Intermittent slow queries - how to debug?

We’re facing some challenging performance issues with some queries taking an extremely long time to respond, often in excess of 20s and frequently timing out at 60s. These extreme timings cannot be reproduced in local dev environments, even when using load testing tools like graphql-bench and autocannon. These same queries can also complete in ~500ms.

We have a federated graph setup with an instance of Apollo Gateway (running ~0.24) and 2 instances of Apollo Server (running 3.x) providing subgraphs. All 3 use NestJS 7 on top of Apollo Server + express. Our resolvers use Typeorm to interface with a reasonably large and complex MSSQL database. The database is hugely OP and resource monitors never get over 10% RAM & CPU.

The API servers are hosted on AWS ECS and are generously resources. Like the DB server, the CPU and RAM usage average out at 10-20%, although the CPU does spike to >100% sometimes.

Tracing in Apollo Studio appears to show some high level resolvers “hanging” or “waiting” for long periods of time. ie. 27s out of a 30s response.

We do have some N+1 issues and we’ve made some limited use of Dataloader in places to resolve those issues, although we can definitely implement it more. I’m not convined that the N+1 issues are responsible for the extreme timings though due to the wild range of those timing and the inconsistencies of them.

Does this scenario sound famililar to anyone? Does anyone have any ideas or pointers how we might go about tracking down the root issue and debugging it? We’re a bit stumped tbh, especially as the issues seem to be impossible to repro locally.

1 Like

If your app hangs on resolvers, the most likely query might be the problem.
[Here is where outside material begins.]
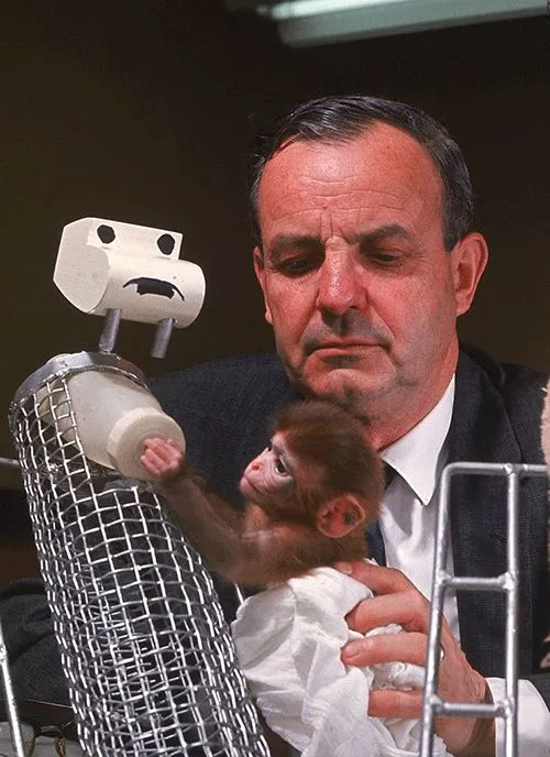 作为一名心理教师,我经常给老师和家长们做关于心理学和家庭教育指导的讲座,经常给他们讲孩子在成长过程中需要的心理营养和依恋关系。每次提到孩子的养育,我就会想起那些为之探索和研究的心理学家以及他们的实验。上世纪三四十年代,美国心理学家、行为主义心理学创始人华生,提出了一个非常著名的理论:“孩子对爱的需求,源自于他对食物的需求,满足了他对食物的需求,就满足了他对爱的需求,所以母亲只需要给宝宝提供足够食物就可以了。母亲不能和孩子过度亲密,过度亲密会阻碍孩子的成长,使孩子在成人后非常依赖母亲,从而难以独立难以成才。”华生为此还专门写了一本书 ——《婴儿和儿童的心理学关怀》。“要把孩子当作机器一样训练和塑造:得像对待成人那样对待孩子,尽量不要亲吻和拥抱孩子,不要让孩子坐在母亲大腿上,不要轻易地满足孩子,就算孩子哭泣,也决不能心软,以免他们养成依赖父母的恶习……”这套理论在上世纪三四十年代,风靡了整个美国,接着又影响了西方多个国家。后来流行的哭声免疫法、延迟满足法、婴儿独立睡眠法等,其核心思想皆源于此。这个人就是 —— 哈里·哈洛(Harry Harlow)。恒河猴 94% 的基因和人类相同,它对外界刺激所做出的反应,和人类非常类似或相近。哈洛把刚出生婴猴放进笼中,然后用两个假猴子代替母猴。一个假猴是用铁丝做的,胸前安装了一个奶瓶,可以 24 小时提供奶水。如果按照华生 “有奶就是娘” 的理论 —— 孩子对爱的需求,源自于他对食物的需求,满足了他对食物的需求,就满足了他对爱的需求。但实验结果出人意料,所有参与实验的婴猴,都选择了没有奶瓶的 “绒布妈妈”。几乎在所有时间里,小猴都会挂在 “绒布妈妈” 身上,只有感到饥饿难耐时,它才会跑到 “铁丝妈妈” 那里吃奶。但只要一吃饱,它就会迅速回到 “绒布妈妈” 怀里。有的小猴甚至饿了也不愿过去,它们把身子挂在 “绒布妈妈” 身上,只把头探到 “铁丝妈妈” 那边吃奶。他制作了一些发条玩具,比如恐怖的大蜘蛛、会敲鼓的小熊等,然后将它们放进笼子里。小猴害怕极了,立即奔回去抱住 “绒布妈妈”,趴在妈妈怀里,慢慢地安静下来。哈洛又将 “绒布妈妈” 移到另一间房间,然后用发条玩具继续恐吓。小猴更加害怕了,但即使再害怕,它也不奔向 “铁丝妈妈”,而是眼巴巴地望着另一边的 “绒布妈妈”。

This might be a stupid and obvious question from me but:

  1. Did you try to use EXPLAIN() to see if the query is hitting indexes and stuff?
  2. Did you use a copy of the production database on local/dev to do your tests?

Like first and obvious culprit in those cases is often a lack of indexes or badly written queries. And you will often not notice it on the local database because you will have a very small data set.

Now if you test it with a copy of production and it works fine then switch that app (if you can) to the production database. And see if the local app with the production database works fine. If no then that means the database and queries are fine and the problem is somewhere in the network.

Are you using some kind of ORM in your resolvers? If yes, try to see if it has any logging capabilities. Some ORM’s can log your queries with execution time.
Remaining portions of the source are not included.